ST. GEORGE — As the Memorial Day holiday weekend approaches, Zion National Park has announced the opening of three more services as park management prepares for the possibility of what have historically been large crowds.
As of Thursday, the Zion Lodge will be open with limited services. The gift shop will be open, food will be available for take out only, and limited lodging will be available for reservations. The Watchman Campground near the park’s south entrance will also be opening Friday.
The Canyon Trail Rides horseback rides in Zion National Park will be opening Friday. For more information or to make a reservation, click here.
Zion National Park itself continues to be open with limited services and trail access. An updated list of what is and is not available to guests can be found on the park’s most current info sheet.
The Kolob Canyons area of Zion remains closed, but the portion of Zion National Park that is on the Kolob Terrace Road has some day-use access for trails. Overnight and permitted backcountry hikes are not open at this time.
Although the Watchman Campground is opening, park spokesperson Jeff Axel said that all the sites have already been reserved for Memorial Day weekend. There is the possibility of cancellations, Axel said, but people usually sit on the reservation site and snatch them up within minutes of them becoming available.
As with campsites, Axel said they expect the park to fill to capacity over the busy holiday weekend, which could potentially result in the temporary closure of the main Zion Canyon Scenic Drive and possibly the Zion-Mt. Carmel Tunnel road, which connects Zion’s east side with the main canyon.
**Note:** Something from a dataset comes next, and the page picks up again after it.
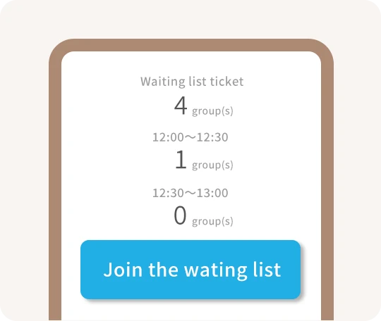 事前に来店時間を指定することで、スムーズにご入店いただける整理券です。土・日・祝日や年末年始など、混雑予想日の当日朝7時から受付します。

Shuttle services will not be resuming in the near future, and visitors should be aware that parking spots within Zion are limited. Once parking lots are full, the park could be closed for hours or potentially the entire day, a previous St. George News report said.
The Federal Code of Regulations title 36, section 1.5 (a) gives the park superintendent the authority to “establish, for all or a portion of a park area, a reasonable schedule of visiting hours, impose public use limits, or close all or a portion of a park area to all public use or to a specific use or activity.”
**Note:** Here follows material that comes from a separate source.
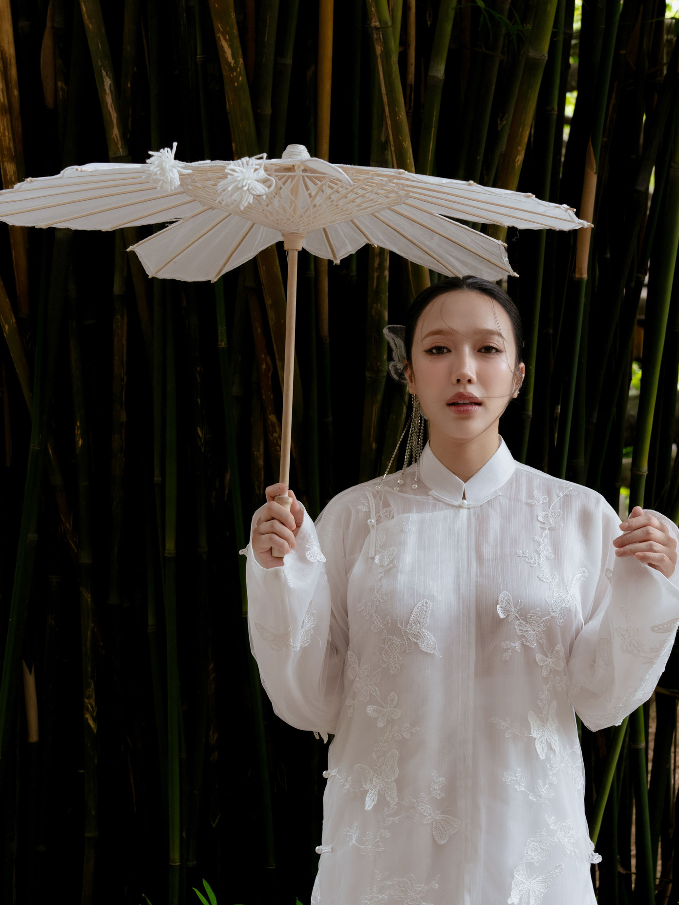 Diệu Nhi khéo léo phối các mẫu phụ kiện phù hợp để trang phục trở nên hút mắt hơn. Trong đó, mẫu lọng bướm trắng đi cùng áo dài voan có họa tiết thêu nổi khiến cô vừa truyền thống vừa hiện đại. Các mẫu trâm cài tóc, vòng cổ ngọc trai, vòng tay bạc... mang đến sự quý phái cũng như thể hiện gu thời trang ngày càng ấn tượng của nữ diễn viên.

However, Axel stressed that these closures would be temporary and done with the safety of visitors, staff and the park’s natural features and inhabitants in mind.
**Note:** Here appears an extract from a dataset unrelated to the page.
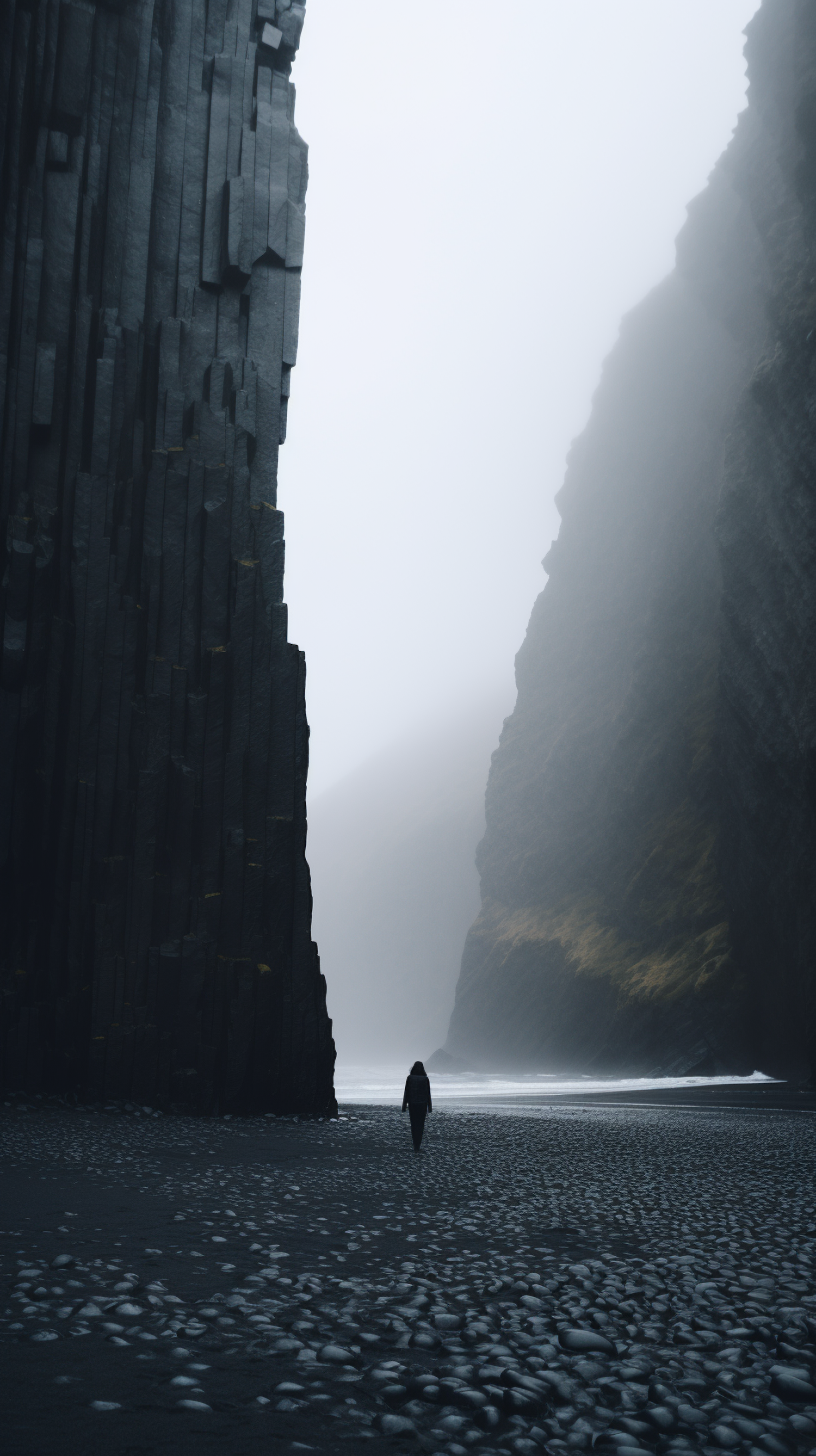 A lone figure walks along a misty beach flanked by towering basalt cliffs, creating a dramatic and moody landscape scene.

If roads become too congested, Axel said, it could impair emergency personnel or wildland firefighters in their ability to respond to incidents in a timely manner.
In a Springdale Town Council meeting held Wednesday, Park Superintendent Jeff Bradybaugh said that since Zion National Park reopened May 13, visitation has been averaging around 5,000 people per day on the weekdays and about 8,000 people per day on the first weekend.
So far, the park has only had to impose temporary closures on those weekend days when visitation was higher.
Typically, Memorial Day weekend in Zion can bring upwards of 30,000 visitors per day, Axel said. In a normal year that means about 80,000 to 100,000 visitors on the holiday weekend.
Without the use of the shuttles, which the park has relied on for the past 20 years, and the limited parking capacity in the canyon, those numbers of visitors won’t be feasible this year, but Bradybaugh said it will still be busy.
“We’ll see how things go on Memorial Day,” Bradybaugh said in the council meeting. “We expect it to be busy.”
Axel added that they are certain parking will fill up in the main canyon – it’s just a question of what time of day that will happen.
Visitors who are able to secure a parking spot and get onto the trail will be able to see the park with a lot less people than usual, Axel said.
Visitors are advised to arrive early – the main canyon scenic drive, which is currently open during daylight hours only, will open at 6 a.m. – or to plan activities for later in the afternoon or early evening when many people start to leave the park.
Bradybaugh added that there are several parking spots at the Visitor Center, and he encourages visitors to do activities that are accessible from that parking lot, such as the Pa’rus paved trail.
Alternately, Axel said that potential visitors should look to planning their Zion trip for later in the summer or fall.
Unlike neighboring Bryce Canyon National Park, which announced Wednesday that they have started collecting fees and will be increasing some services, Zion National Park will not be collecting entrance fees, though Axel did say they will be looking at when to resume fees after the holiday weekend.
Updated information about available activities, services and closures can be found at Zion National Park’s website, which Axel said visitors should check often before arrival and during their visit.